Aviva Investors, the London based firm, has called time on its fundraising effort for its latest UK Real Estate Recovery Fund in order to put capita to work as quickly as possible.
The company – which is the investment management arm of UK insurer Aviva – has held a third and final close on UK Real Estate Recovery Fund II on £140 million (€168 million; $231 million), short of its £250 million target.
Announcing the decision, Aviva said it was “mindful of the speed with which the real estate industry is currently moving” and decided that a delayed final close would not be in the interests of investors, despite interest in the fund coming from additional investors.
The fund was launched in September last year and it is targeting UK commercial real estate with a focus on secondary assets with a target return of between 8 and 10 percent per year net of fees. The fund is buying assets with equity and is using no debt.
Anna Rule, manager of the fund, said: “We have aimed to take advantage of the short-term opportunity in the pricing gap between secondary and prime real estate. Since launch, investment activity has already seen the purchase of 13 assets with a collective value of around £75 million. The fund has therefore deployed a significant amount at an early stage of the current cyclical upturn, thus benefiting from attractive market pricing.”

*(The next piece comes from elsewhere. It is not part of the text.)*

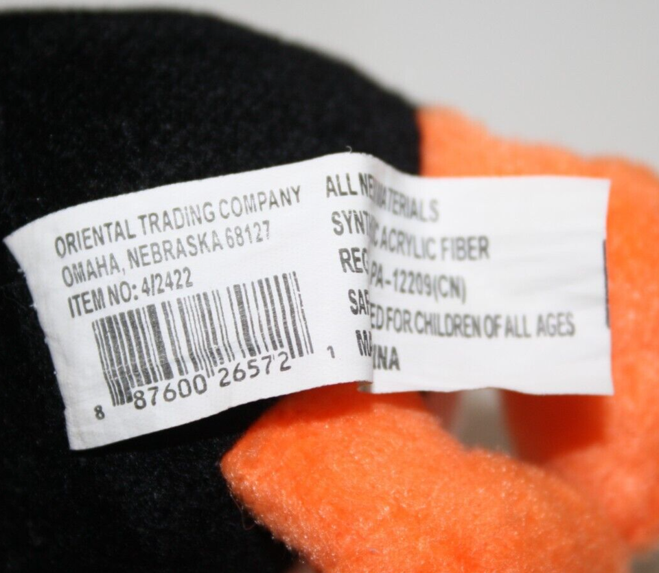Soft Black, White and Orange plush materials, plastic eyes and plush Orange nose, Soft stuffed, wearing a red and white Santa hat that is stitched on head, Seam tag intact
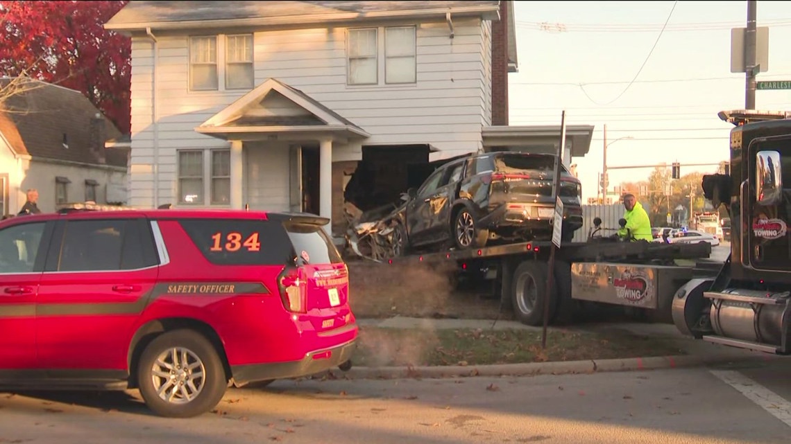 Police at the scene said the driver lost control of the car and hit a curb, a fire hydrant and another car before landing inside the home on Charlestown Avenue.

News of the fund close comes as Aviva says it sees an improvement in the medium term prospects for European real estate. Darren Sriharan, global real estate analyst at the company, said there were “encouraging signs of resilience” in Europe’s real estate occupier and investment markets.
He added: “As the economic recovery slowly gains traction, regional occupier markets are expected to improve further. Evidence that the worst of the economic downturn is behind us is positive for rental prospects over the medium term, even if a pronounced rise in rents is unlikely.”
Noting how the investment market is also heating up, Sriharan said while demand for core markets remained robust, there had been a pronounced change in investor sentiment toward peripheral markets where a rebound in prices is set to take shape.
“Probably the most significant risk to Europe’s real-estate markets is the increasing threat of deflation and this should be monitored closely. The weakness of the financial sector remains a concern with credit conditions tight and lending to businesses still contracting,” he explained.
“We are maintaining a focus on countries where macroeconomic risks are lower such as Germany and the Nordics. Additionally, we have identified prime Irish real estate as an attractive market with the cyclical recovery well underway.”